- [WHAT THE EXERCISE ASKS] Repeat the records exactly. Leave out the pictures.

*** DATA EXCERPTS

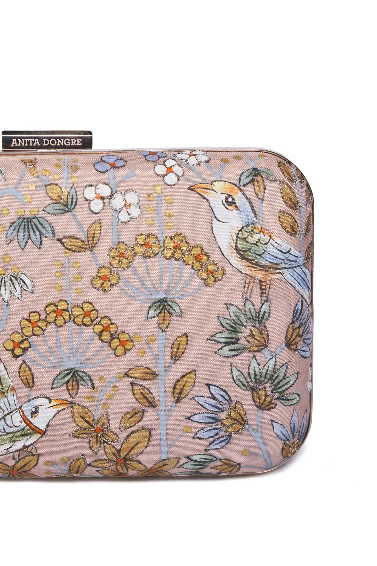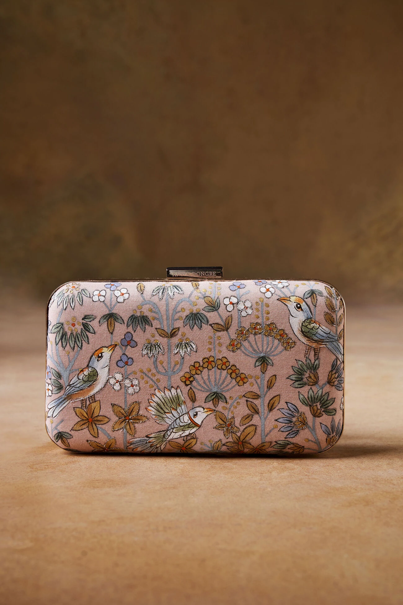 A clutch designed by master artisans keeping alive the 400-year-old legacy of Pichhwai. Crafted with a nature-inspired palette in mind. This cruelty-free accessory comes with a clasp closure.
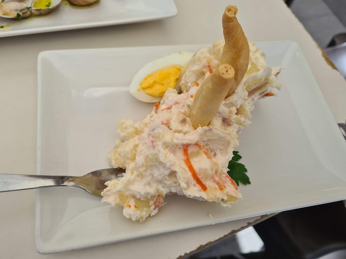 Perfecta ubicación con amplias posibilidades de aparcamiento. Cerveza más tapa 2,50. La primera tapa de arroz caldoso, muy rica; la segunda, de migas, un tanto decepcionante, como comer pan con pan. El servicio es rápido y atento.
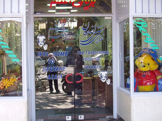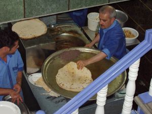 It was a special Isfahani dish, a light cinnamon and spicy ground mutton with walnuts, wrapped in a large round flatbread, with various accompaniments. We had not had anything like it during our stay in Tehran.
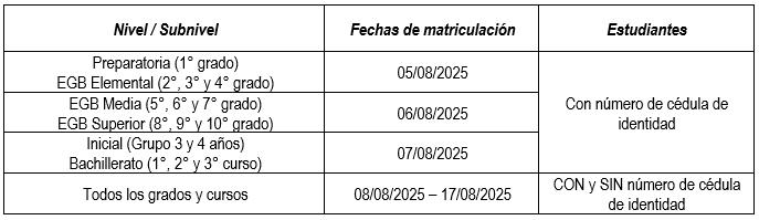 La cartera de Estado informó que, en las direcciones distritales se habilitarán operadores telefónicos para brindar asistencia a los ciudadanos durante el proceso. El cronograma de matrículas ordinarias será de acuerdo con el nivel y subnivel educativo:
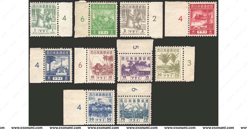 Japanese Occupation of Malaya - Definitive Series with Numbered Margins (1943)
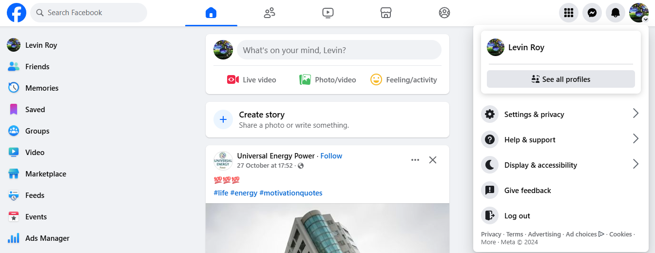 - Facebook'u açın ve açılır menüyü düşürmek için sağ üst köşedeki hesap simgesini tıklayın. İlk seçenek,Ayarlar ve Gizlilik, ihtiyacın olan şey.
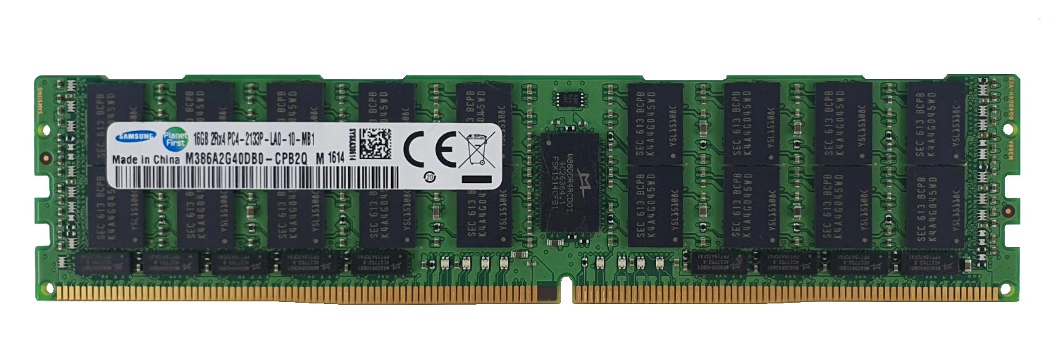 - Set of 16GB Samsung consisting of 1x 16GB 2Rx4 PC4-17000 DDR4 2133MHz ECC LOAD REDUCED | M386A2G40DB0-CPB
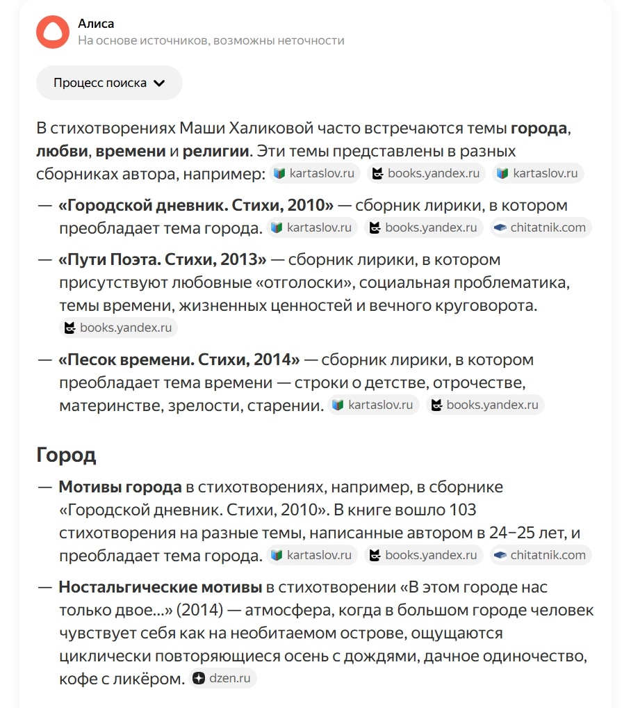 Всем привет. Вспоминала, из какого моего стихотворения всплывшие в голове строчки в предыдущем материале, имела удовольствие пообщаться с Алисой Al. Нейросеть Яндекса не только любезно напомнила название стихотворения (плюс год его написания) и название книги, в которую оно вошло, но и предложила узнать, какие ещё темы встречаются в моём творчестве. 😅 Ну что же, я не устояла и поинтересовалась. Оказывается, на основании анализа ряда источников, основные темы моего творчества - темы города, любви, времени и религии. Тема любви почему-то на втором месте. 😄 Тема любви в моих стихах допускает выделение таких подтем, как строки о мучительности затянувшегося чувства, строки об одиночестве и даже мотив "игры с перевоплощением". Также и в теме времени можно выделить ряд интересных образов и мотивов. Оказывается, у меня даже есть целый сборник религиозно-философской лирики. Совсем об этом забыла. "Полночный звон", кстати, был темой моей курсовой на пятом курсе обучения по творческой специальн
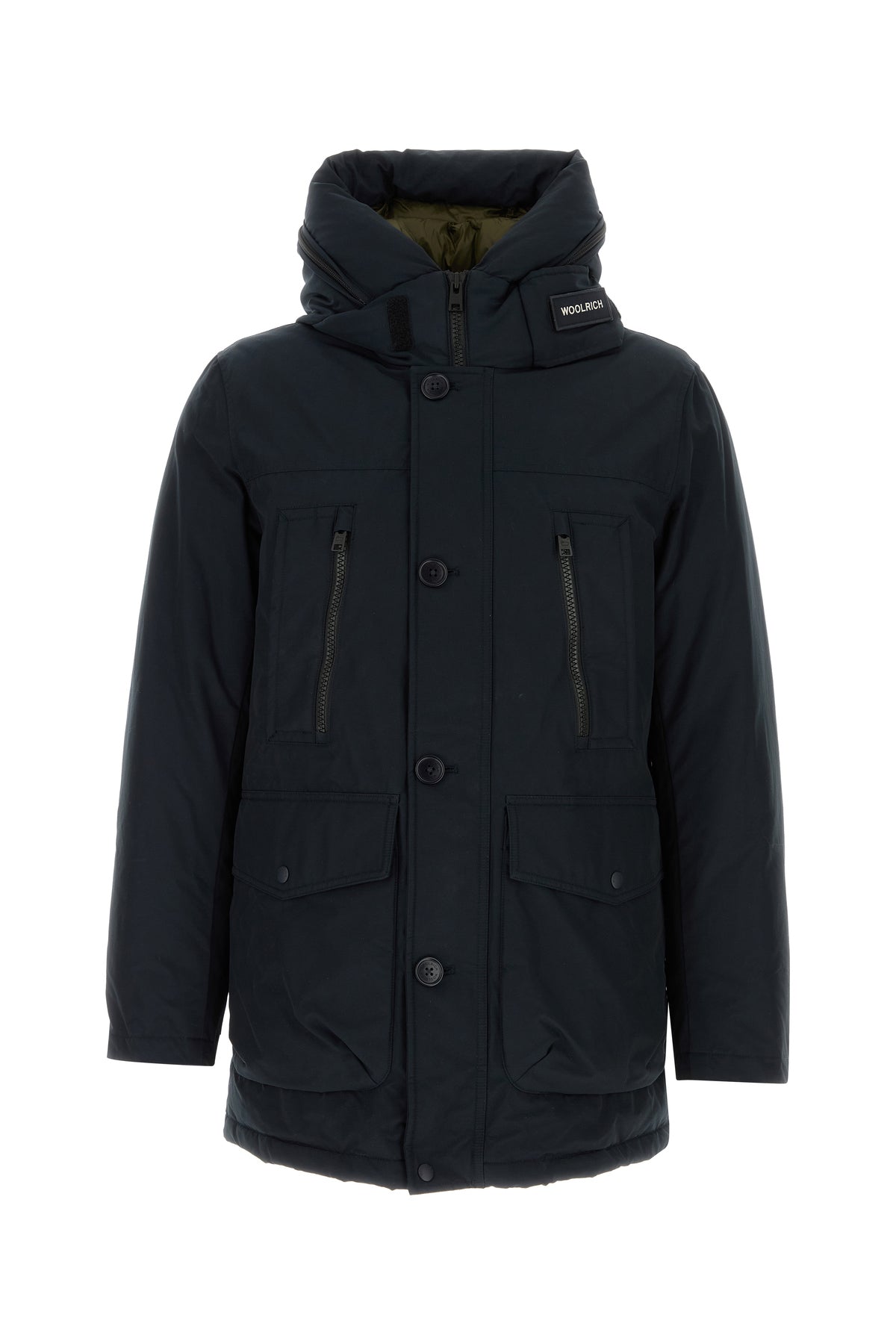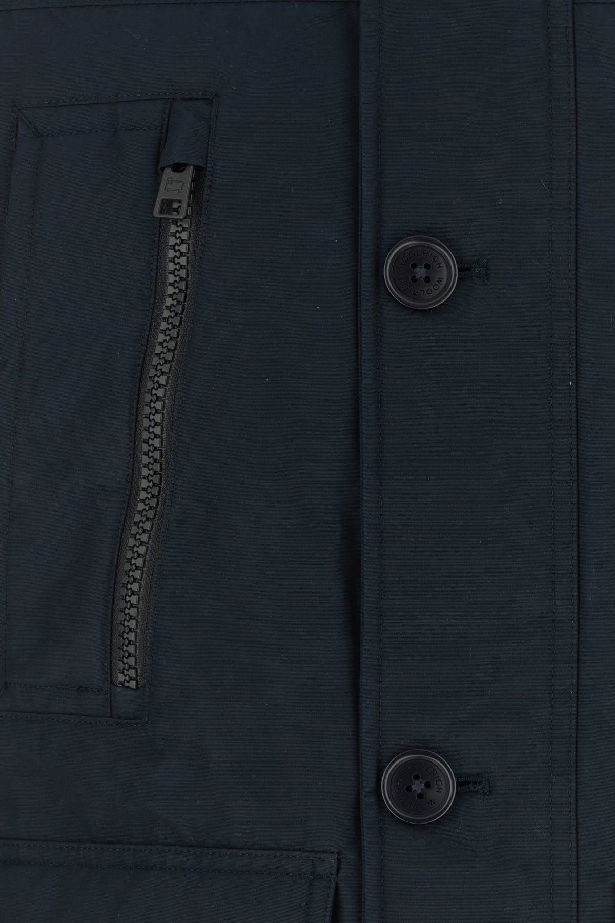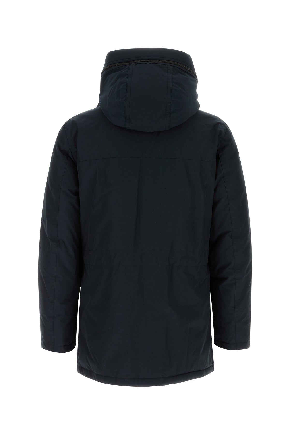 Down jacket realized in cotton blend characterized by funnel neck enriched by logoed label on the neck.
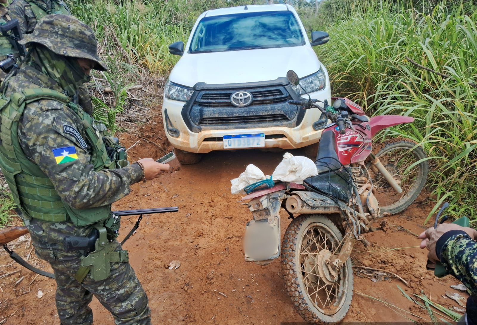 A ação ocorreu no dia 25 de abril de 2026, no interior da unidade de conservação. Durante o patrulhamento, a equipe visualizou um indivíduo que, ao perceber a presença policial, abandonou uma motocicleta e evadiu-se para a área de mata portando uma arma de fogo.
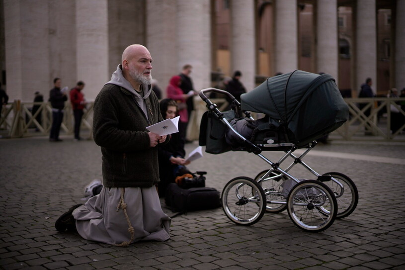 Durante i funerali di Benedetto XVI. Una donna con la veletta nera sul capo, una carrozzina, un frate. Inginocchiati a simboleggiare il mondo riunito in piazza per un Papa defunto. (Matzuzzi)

******

- [REPLY]
 A clutch designed by master artisans keeping alive the 400-year-old legacy of Pichhwai. Crafted with a nature-inspired palette in mind. This cruelty-free accessory comes with a clasp closure.
 Perfecta ubicación con amplias posibilidades de aparcamiento. Cerveza más tapa 2,50. La primera tapa de arroz caldoso, muy rica; la segunda, de migas, un tanto decepcionante, como comer pan con pan. El servicio es rápido y atento.
 It was a special Isfahani dish, a light cinnamon and spicy ground mutton with walnuts, wrapped in a large round flatbread, with various accompaniments. We had not had anything like it during our stay in Tehran.
 La cartera de Estado informó que, en las direcciones distritales se habilitarán operadores telefónicos para brindar asistencia a los ciudadanos durante el proceso. El cronograma de matrículas ordinarias será de acuerdo con el nivel y subnivel educativo:
 Japanese Occupation of Malaya - Definitive Series with Numbered Margins (1943)
 - Facebook'u açın ve açılır menüyü düşürmek için sağ üst köşedeki hesap simgesini tıklayın. İlk seçenek,Ayarlar ve Gizlilik, ihtiyacın olan şey.
 - Set of 16GB Samsung consisting of 1x 16GB 2Rx4 PC4-17000 DDR4 2133MHz ECC LOAD REDUCED | M386A2G40DB0-CPB
 Всем привет. Вспоминала, из какого моего стихотворения всплывшие в голове строчки в предыдущем материале, имела удовольствие пообщаться с Алисой Al. Нейросеть Яндекса не только любезно напомнила название стихотворения (плюс год его написания) и название книги, в которую оно вошло, но и предложила узнать, какие ещё темы встречаются в моём творчестве. 😅 Ну что же, я не устояла и поинтересовалась. Оказывается, на основании анализа ряда источников, основные темы моего творчества - темы города, любви, времени и религии. Тема любви почему-то на втором месте. 😄 Тема любви в моих стихах допускает выделение таких подтем, как строки о мучительности затянувшегося чувства, строки об одиночестве и даже мотив "игры с перевоплощением". Также и в теме времени можно выделить ряд интересных образов и мотивов. Оказывается, у меня даже есть целый сборник религиозно-философской лирики. Совсем об этом забыла. "Полночный звон", кстати, был темой моей курсовой на пятом курсе обучения по творческой специальн
 Down jacket realized in cotton blend characterized by funnel neck enriched by logoed label on the neck.
 A ação ocorreu no dia 25 de abril de 2026, no interior da unidade de conservação. Durante o patrulhamento, a equipe visualizou um indivíduo que, ao perceber a presença policial, abandonou uma motocicleta e evadiu-se para a área de mata portando uma arma de fogo.
 Durante i funerali di Benedetto XVI. Una donna con la veletta nera sul capo, una carrozzina, un frate. Inginocchiati a simboleggiare il mondo riunito in piazza per un Papa defunto. (Matzuzzi)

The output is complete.